What to work on - Every entry is to be returned unchanged, and no picture is to be included.

____ Material provided

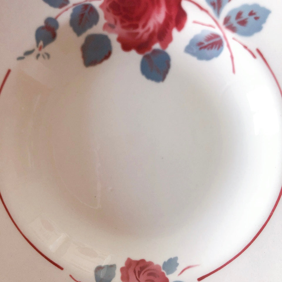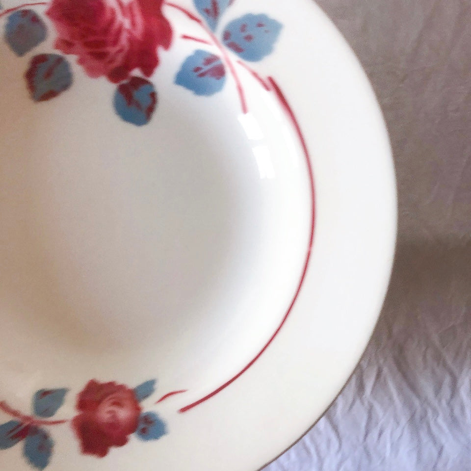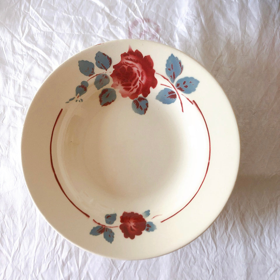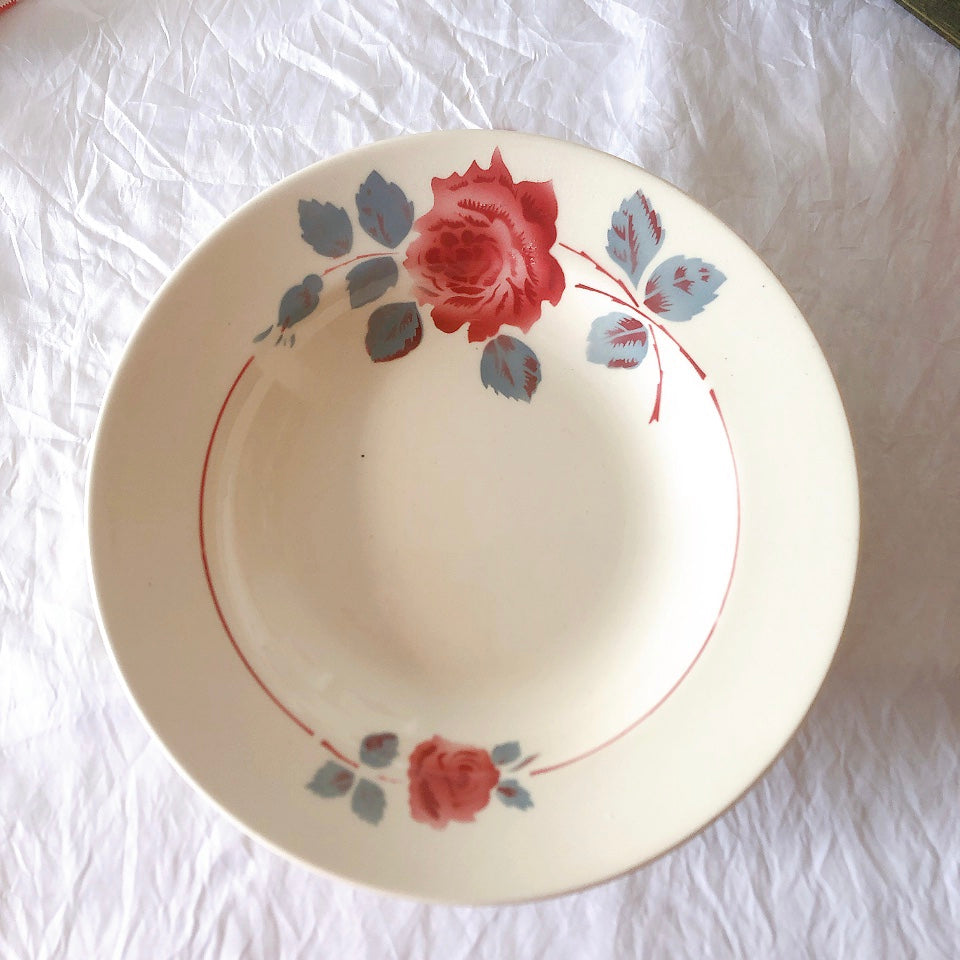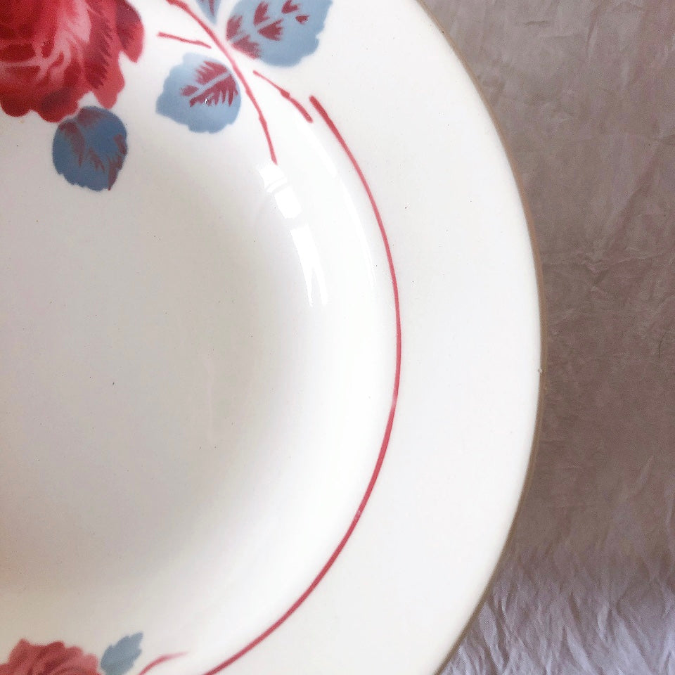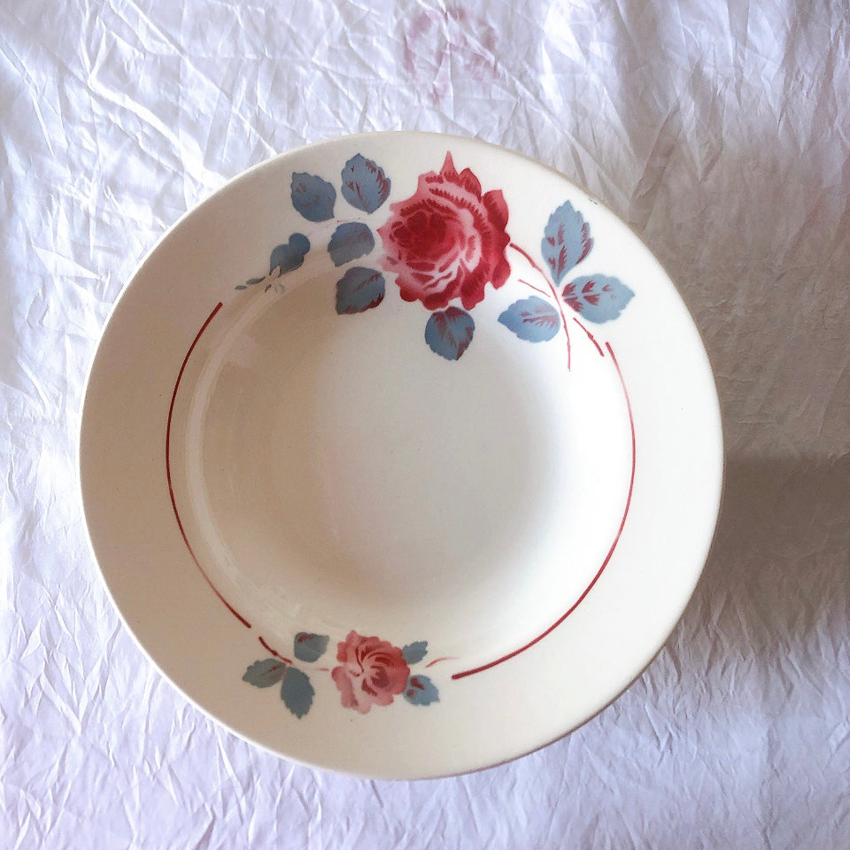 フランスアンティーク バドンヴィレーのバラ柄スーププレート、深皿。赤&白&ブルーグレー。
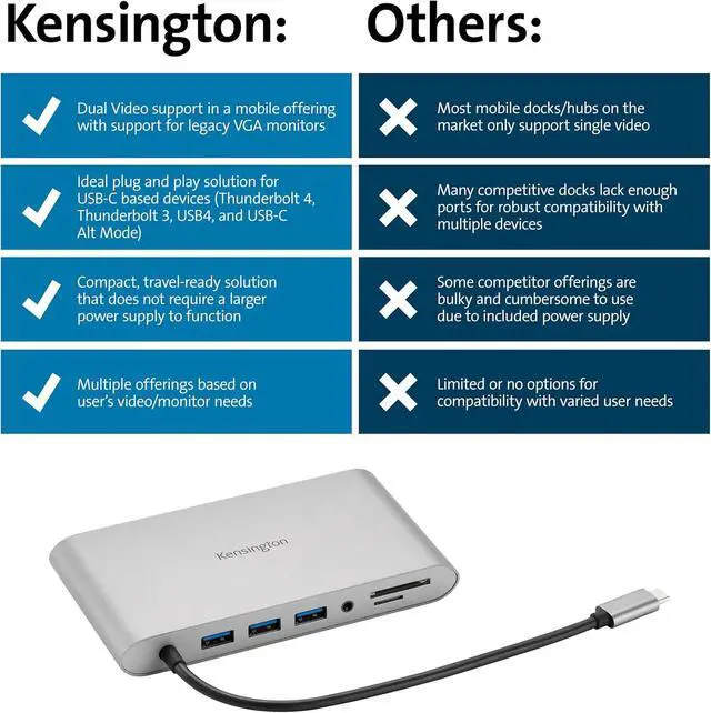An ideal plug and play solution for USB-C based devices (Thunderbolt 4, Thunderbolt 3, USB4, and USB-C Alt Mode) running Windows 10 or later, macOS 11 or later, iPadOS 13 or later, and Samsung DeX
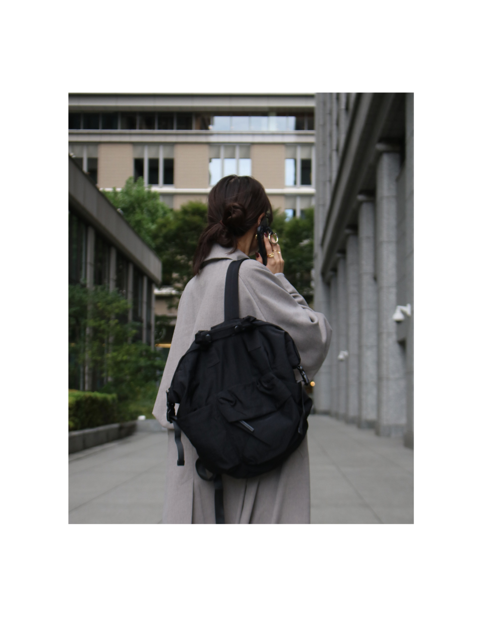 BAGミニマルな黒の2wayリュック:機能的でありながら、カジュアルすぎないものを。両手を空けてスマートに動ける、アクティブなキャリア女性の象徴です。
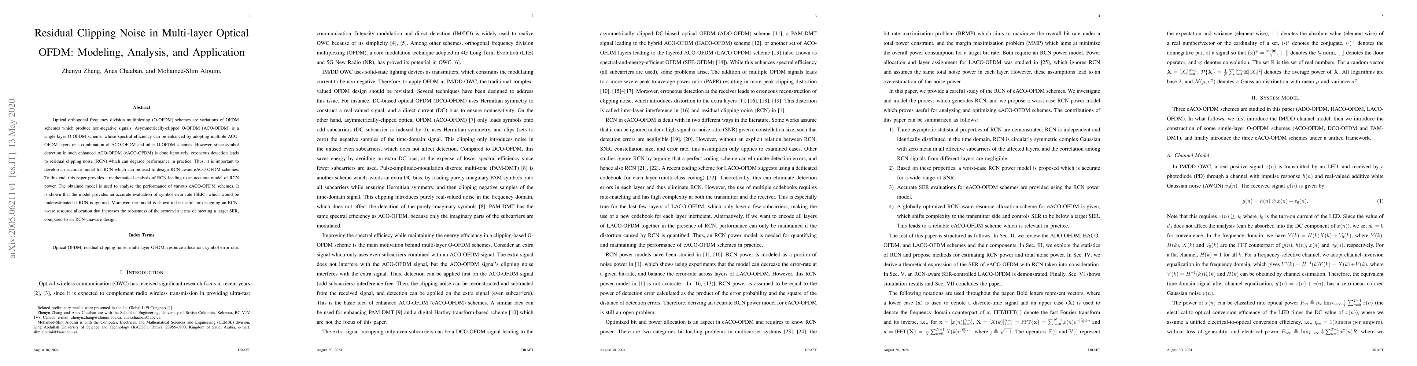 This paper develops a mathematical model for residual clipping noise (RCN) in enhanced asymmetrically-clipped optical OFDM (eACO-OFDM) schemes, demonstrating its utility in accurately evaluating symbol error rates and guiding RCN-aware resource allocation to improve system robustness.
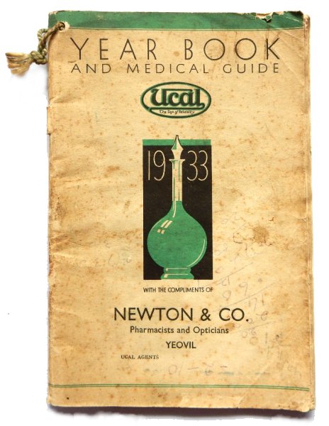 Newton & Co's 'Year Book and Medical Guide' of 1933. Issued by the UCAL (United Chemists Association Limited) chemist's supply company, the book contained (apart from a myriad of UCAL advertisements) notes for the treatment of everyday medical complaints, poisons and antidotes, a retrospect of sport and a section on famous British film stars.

________

Expected answer -
 フランスアンティーク バドンヴィレーのバラ柄スーププレート、深皿。赤&白&ブルーグレー。
An ideal plug and play solution for USB-C based devices (Thunderbolt 4, Thunderbolt 3, USB4, and USB-C Alt Mode) running Windows 10 or later, macOS 11 or later, iPadOS 13 or later, and Samsung DeX
 BAGミニマルな黒の2wayリュック:機能的でありながら、カジュアルすぎないものを。両手を空けてスマートに動ける、アクティブなキャリア女性の象徴です。
 This paper develops a mathematical model for residual clipping noise (RCN) in enhanced asymmetrically-clipped optical OFDM (eACO-OFDM) schemes, demonstrating its utility in accurately evaluating symbol error rates and guiding RCN-aware resource allocation to improve system robustness.
 Newton & Co's 'Year Book and Medical Guide' of 1933. Issued by the UCAL (United Chemists Association Limited) chemist's supply company, the book contained (apart from a myriad of UCAL advertisements) notes for the treatment of everyday medical complaints, poisons and antidotes, a retrospect of sport and a section on famous British film stars.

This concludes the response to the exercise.